=== DIRECTIONS FOR THIS TASK ===
Without pictures, repeat exactly the lines from the one containing "Pigeon贝亲婴儿肥皂宝宝婴幼儿无磷型抑菌洗衣皂120g*4块儿童新生" through the end of the entries.

• • • • •

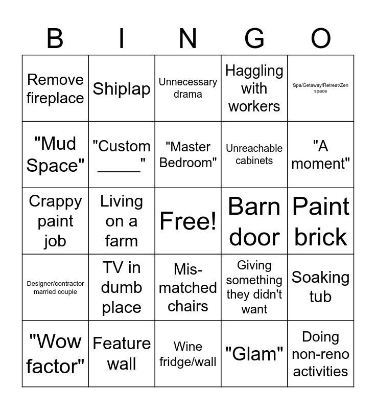 This bingo card has a free space and 24 words: TV in dumb place, Feature wall, "Master Bedroom", "Wow factor", Spa/Getaway/Retreat/Zen space, Remove fireplace, "Mud Space", Shiplap, Barn door, Mis-matched chairs, Unreachable cabinets, Crappy paint job, Giving something they didn't want, Soaking tub, "Custom _____", "Glam", Paint brick, Unnecessary drama, "A moment", Living on a farm, Doing non-reno activities, Designer/contractor married couple, Haggling with workers and Wine fridge/wall.
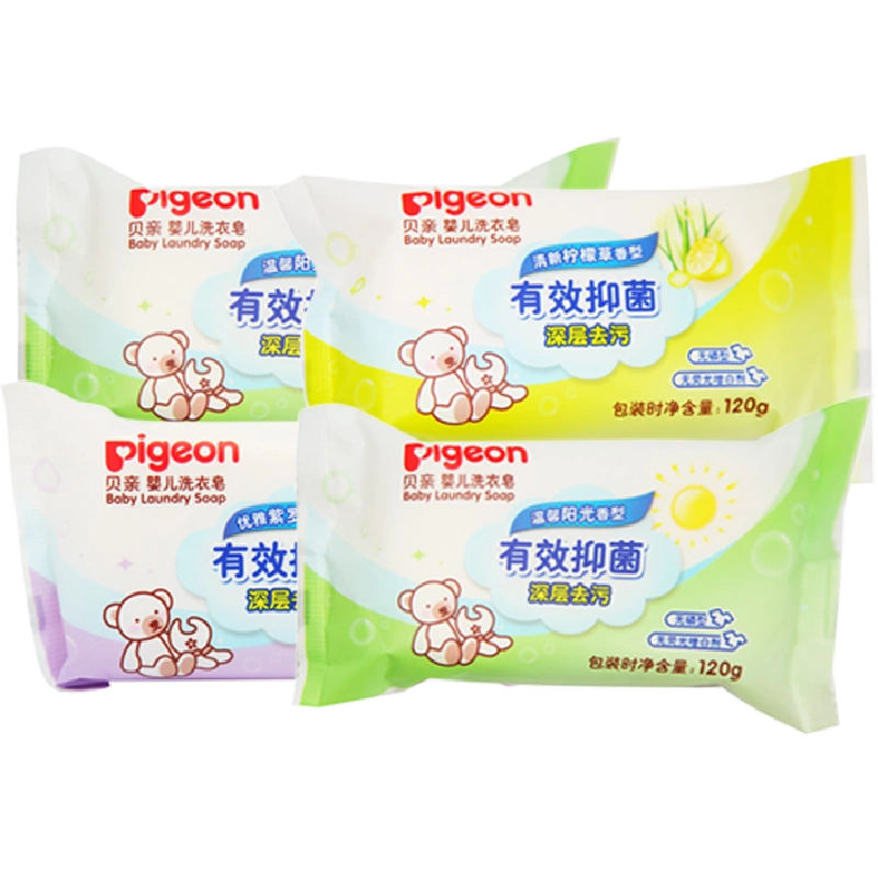 Pigeon贝亲婴儿肥皂宝宝婴幼儿无磷型抑菌洗衣皂120g*4块儿童新生
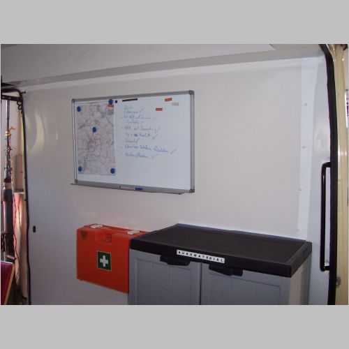 baut euch den Innenraum mit Pappe vor. geht gut. Dann kann man sich das ganze auch viel besser vorstellen. Haben wir mit unserem ELW auch gemacht. Und der Aufbauhersteller wusste anschliessend genau wie´s aussehen soll.
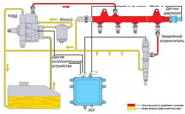 Из рейки топливо подается к форсункам, которые управляются электронным блоком управления двигателем. ЭБУ анализирует данные от множества датчиков (положения коленвала, температуры, нагрузки, давления воздуха) и на основе этих данных точно определяет, когда открыть форсунку, на какое время и какое количество топлива впрыснуть в цилиндр.
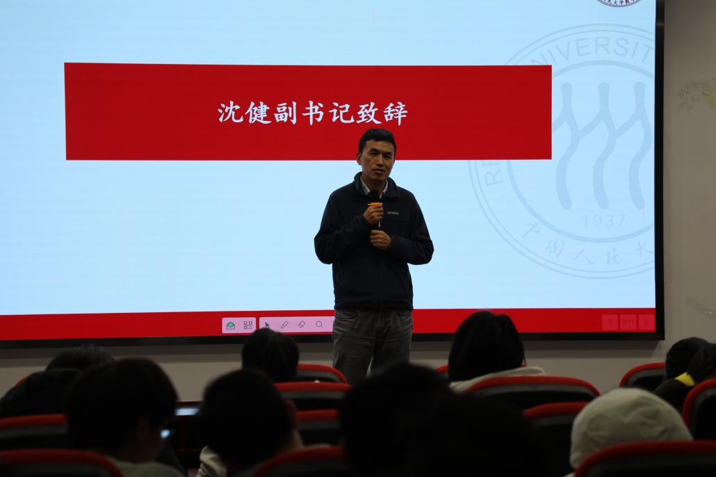 大会在庄严的国歌声中隆重开始,党委副书记沈健老师致辞。他充分肯定了本次共青团91九色 第二次代表大会召开的意义,强调坚持“以党建带团建”的工作思路,勉励广大团员代表坚定听党话、跟党走的政治信念,提高身份意识,在思想、工作及生活中发挥先锋模范作用。沈健老师代表学院向大会筹备工作组成员以及全体参会代表表示衷心感谢,并预祝本次团员代表大会召开及新一届团委委员选举工作取得圆满成功。
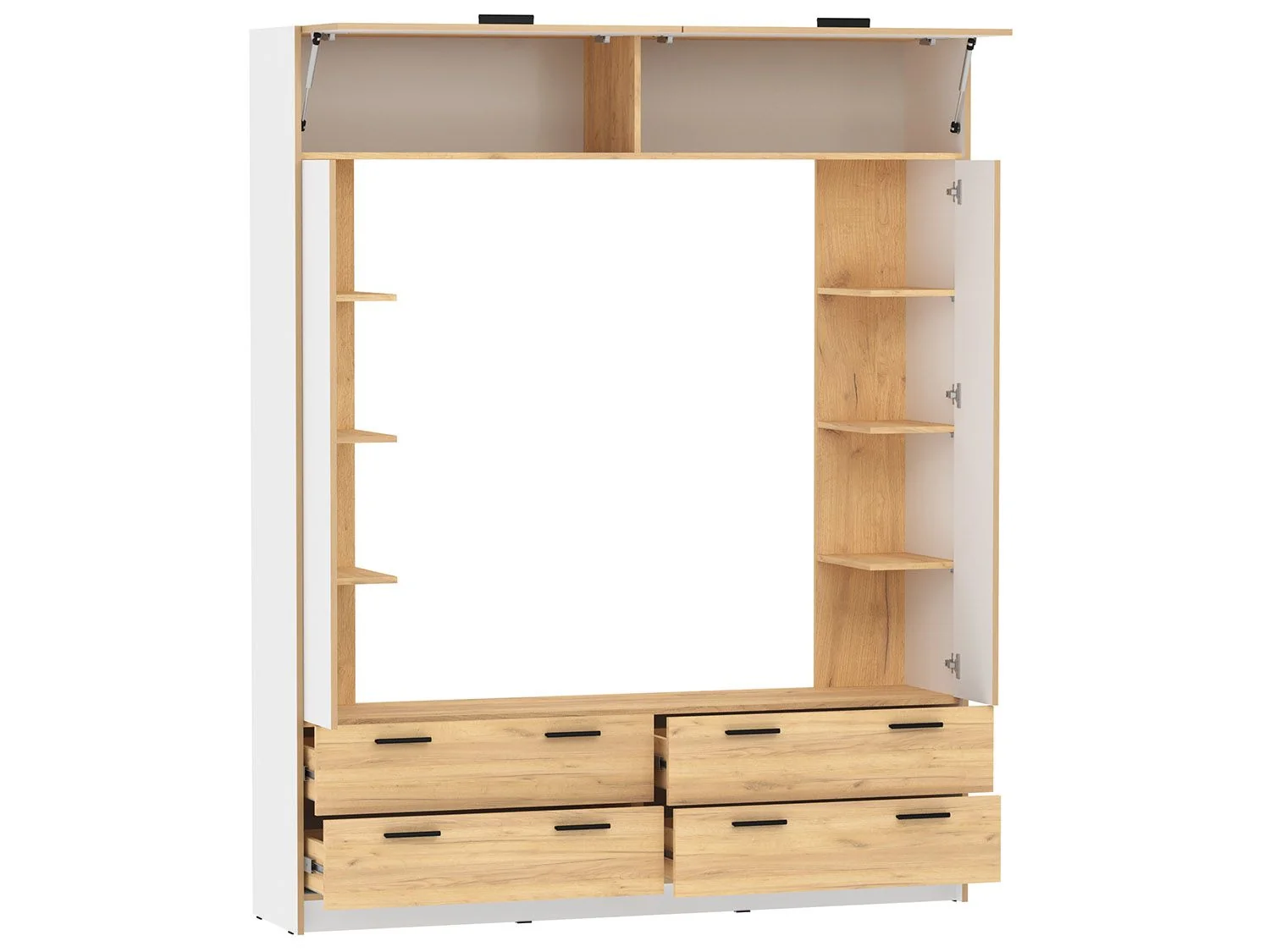 Присутствуют полки и выдвижные ящики для хранения.
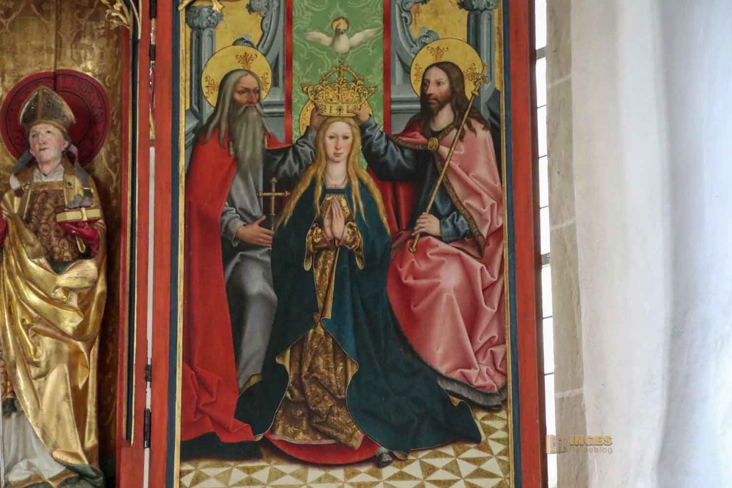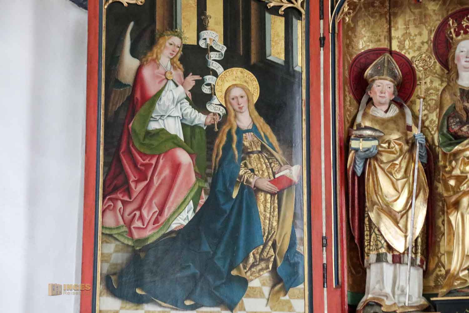 Der Altar hat sich so gut wie im Originalzustand erhalten. Etwa um 1500 gab der damalige Abt den Auftrag für den Flügelaltar an eine Ulmer Schule. Und wie es bei Flügelaltären so üblich ist, gibt es eine Festtagsseite, die heute bei der Hochzeit zu sehen war, und eine geschlossene Alltagsseite. Ohne großes Drumherum zeigt es die Geburt Christi. Schlicht gemalt, aber wunderschön.

• • • • •

=== WRITTEN SOLUTION ===
 Pigeon贝亲婴儿肥皂宝宝婴幼儿无磷型抑菌洗衣皂120g*4块儿童新生
 baut euch den Innenraum mit Pappe vor. geht gut. Dann kann man sich das ganze auch viel besser vorstellen. Haben wir mit unserem ELW auch gemacht. Und der Aufbauhersteller wusste anschliessend genau wie´s aussehen soll.
 Из рейки топливо подается к форсункам, которые управляются электронным блоком управления двигателем. ЭБУ анализирует данные от множества датчиков (положения коленвала, температуры, нагрузки, давления воздуха) и на основе этих данных точно определяет, когда открыть форсунку, на какое время и какое количество топлива впрыснуть в цилиндр.
 大会在庄严的国歌声中隆重开始,党委副书记沈健老师致辞。他充分肯定了本次共青团91九色 第二次代表大会召开的意义,强调坚持“以党建带团建”的工作思路,勉励广大团员代表坚定听党话、跟党走的政治信念,提高身份意识,在思想、工作及生活中发挥先锋模范作用。沈健老师代表学院向大会筹备工作组成员以及全体参会代表表示衷心感谢,并预祝本次团员代表大会召开及新一届团委委员选举工作取得圆满成功。
 Присутствуют полки и выдвижные ящики для хранения.
 Der Altar hat sich so gut wie im Originalzustand erhalten. Etwa um 1500 gab der damalige Abt den Auftrag für den Flügelaltar an eine Ulmer Schule. Und wie es bei Flügelaltären so üblich ist, gibt es eine Festtagsseite, die heute bei der Hochzeit zu sehen war, und eine geschlossene Alltagsseite. Ohne großes Drumherum zeigt es die Geburt Christi. Schlicht gemalt, aber wunderschön.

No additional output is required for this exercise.